Salient to Investors:

Yields on sovereign securities moved in the opposite direction from what ratings suggested in 53 percent of the 32 upgrades, downgrades and changes in credit outlook in 2013, versus the longer-term average of 47 percent of over 300 changes since 1974.

The IMF reported in January 2012 that prices of credit derivatives moved in the expected direction to for Moody’s rating changes 45 percent of the time for developed countries and 51 percent for emerging economies  – 67 percent and 63 percent for outlook changes.

Brett Wander at Charles Schwab Investment Mgmt said credit-rating agencies historically lag the real economic fundamentals, whereas markets are ahead.

Moody’s has downgraded 6.4 government ratings for every upgrade in 2013 in the U.S. and Europe, the highest ratio since at least 2002, while S&P has cut 4.3 rankings for every increase.

Bonnie Baha at DoubleLine Capital said that ratings are a lagging indicator – the gap between Treasury yields and those of other bonds is more reliable. Peter Palfrey at Loomis Sayles said markets do care about ratings, though changes are largely priced into the market already. Jason Brady at Thornburg Investment Mgmt said central banks’ buying unprecedented amounts of government securities is also driving the divergence between ratings and bond performance.

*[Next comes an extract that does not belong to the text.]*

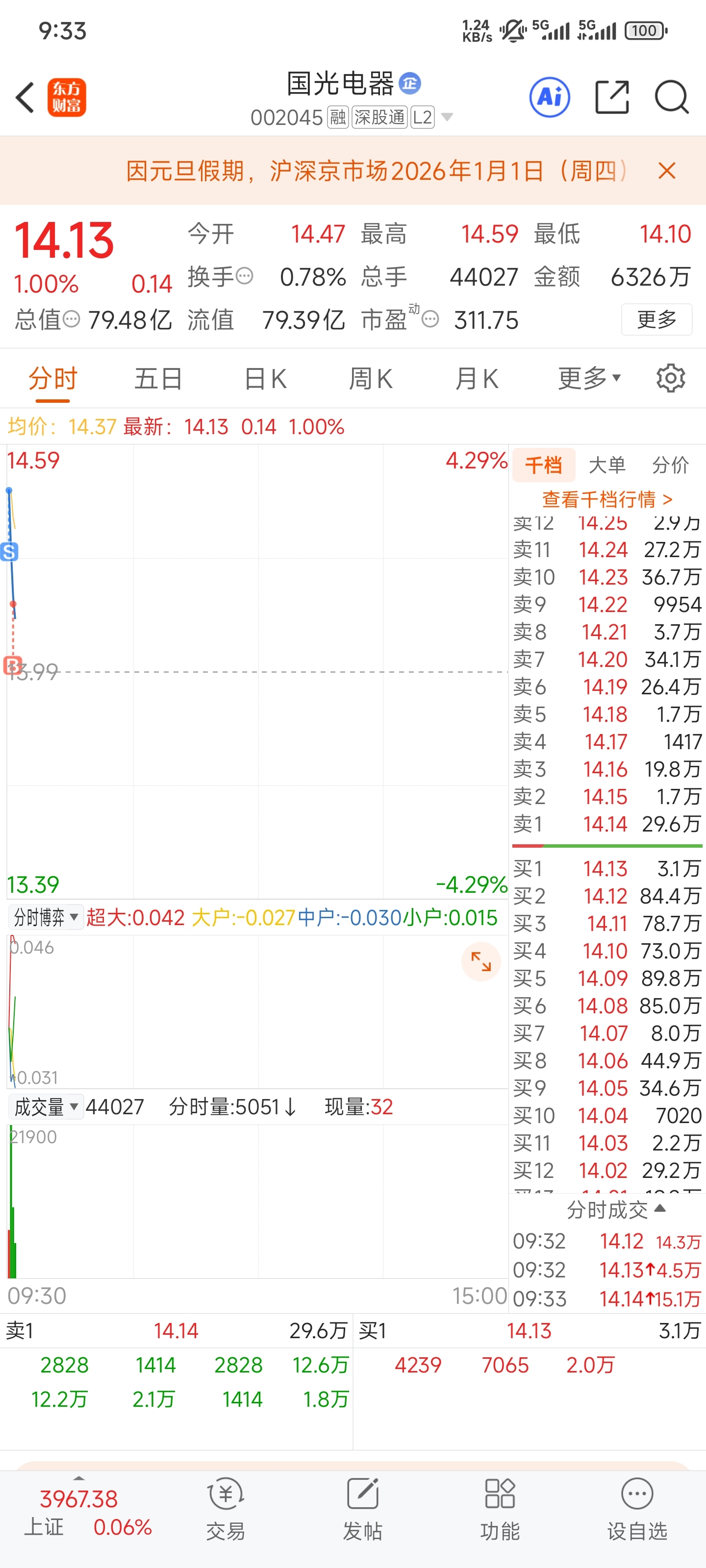 $国光电器(SZ002045)$ 做了个T,就知道会下来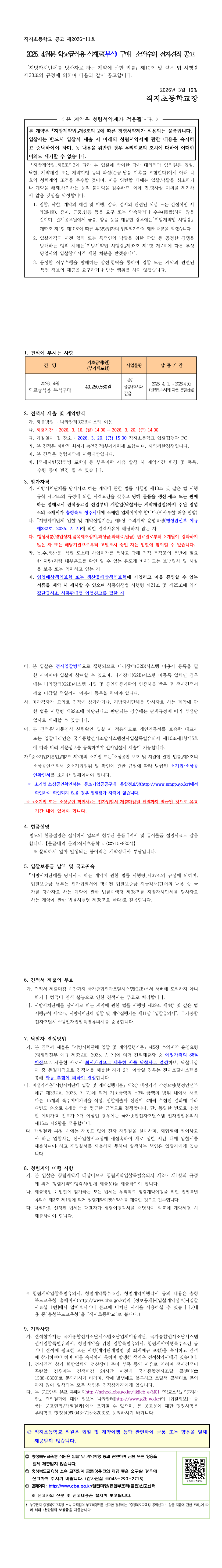 2026년 4월분 학교급식용 식재료(부식) 구매 소액수의 전자견적 공고 |

European bonds are having their best year since 1998, returning 11.5 percent through Dec. 14 – Greek bonds topped with a gain of 84 percent. Europe’s economy is forecast to shrink 0.14 percent in 2012 and expand 0.4 percent in 2013.

JPMorgan Chase said the Fed will absorb 90 percent of net new dollar-denominated fixed-income assets in 2013.

Eurostat says European government debt rose to 90 percent of GDP in Q2 from 66 percent in December 2007. The CBO expects US debt to go over 70 percent by the end of 2012 versus 36 percent at the end of 2007. James Sarni at Payden & Rygel said investors don’t care about another U.S. downgrade. Warren Buffett says the US should be quadruple-A rated.

S&P lowered its outlook on the UK to negative from stable due to the weak economy.